Now you might be thinking “Well that’s nice pastor, but we’ll be long gone by the time that happens.” And you’re probably right, the human tree bearing this good fruit described by Isaiah seems a long way off. But still, this is an important, hopeful vision for the world’s future. And the way we understand the future affects how we live today. Simply understanding this vision can change our lives here and now. Rather than having a negative understanding of the world’s future, which became the norm only in the past few hundred years, Christians today need to recover the eternal optimism that the Hebrew prophets had, and that Jesus had and that the early church had. The understanding that God is tremendously patient with humanity and is nurturing us to grow into a tree in full bloom, a wonderful tree which bears good fruit.


It is our call as the church to live into this reality. To live into the Kingdom of God and be God’s hands and feet in the world—to be the manure that helps humanity grow. That’s our calling as the church. To align with God’s vision for the world and to be leaders of humanity’s spiritual evolution. Or as scripture puts it: to be ambassadors for Christ and participants in the ministry of reconciliation. It is our privilege to be laborers in the vineyard who help nourish this unfruitful tree.

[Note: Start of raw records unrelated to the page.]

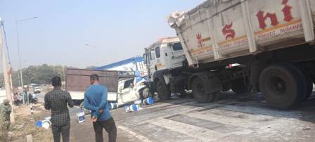 नेशनल हाईवे पर ट्रेलर और पिकअप में भिड़ंत, चालक गंभीर रूप से घायल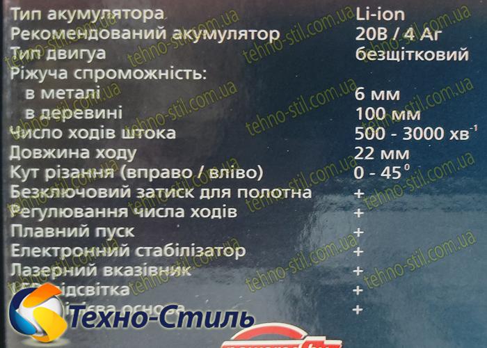 Электролобзик работает от литий-ионного аккумулятора с защитой от перезаряда-переразряда.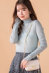 袖のサイドからチラ見えするレースやパールボタンが可愛いニットには、可憐なパステルブルーのマーガレット柄スカートがお似合い。リアルなマーガレット柄なので、大人っぽく着こなせます。スカートのウエストゴムはラメ入りで、キラキラ感がさりげないアクセントに。シャイニーな厚底サンダルを合わせれば、春にぴったりなフェミニンスタイルの完成です。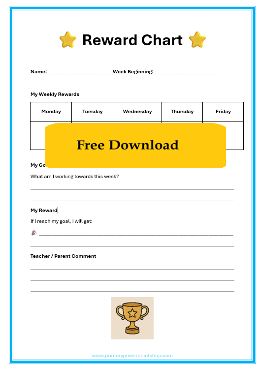 Reward charts are an effective way to help pupils develop good habits and celebrate achievements. This printable chart allows children to collect stars, stickers or ticks when they meet their goals.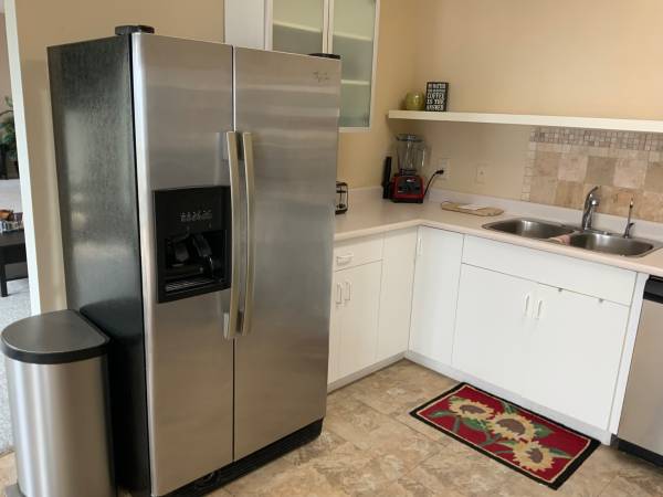 Stainless steel appliances include double fridge with ice and filtered water dispensers, dishwasher, induction stove.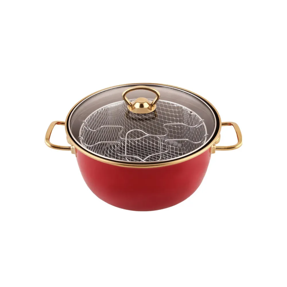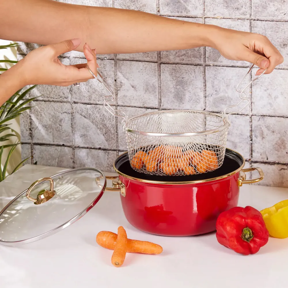 Karaca Love of Kitchen Enamel Induction Frying Pot, 22cm, Red
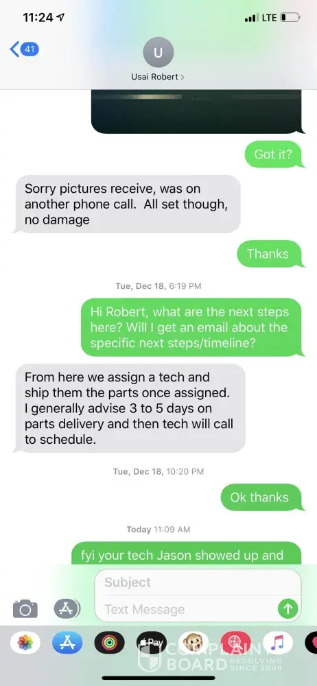 Robert's txt - "Sorry, pictures received, was on another phone call. All set though, no damage. From here we assign a tech and ship them the parts once assigned. I generally advise 3 to 5 days on parts delivery and then tech will call to schedule"

So I invite you this week to pray for humanity’s growth into a tree which bears good fruit. And to be aware of how you are called to add a little fertilizer to the soil. God is transforming this world, gently inviting all to align with the divine will and to grow into the children of God we were created to be. So do not lose heart when you see the evils of the world. From God’s perspective, these are but the birth pangs, as Jesus says in the Gospels. While sin and suffering are very real, the promises we have from God describe a bright, optimistic future. God is tremendously patient and nurturing His creatures, as humanity grows into a tree which bears good fruit. Amen, thanks be to God.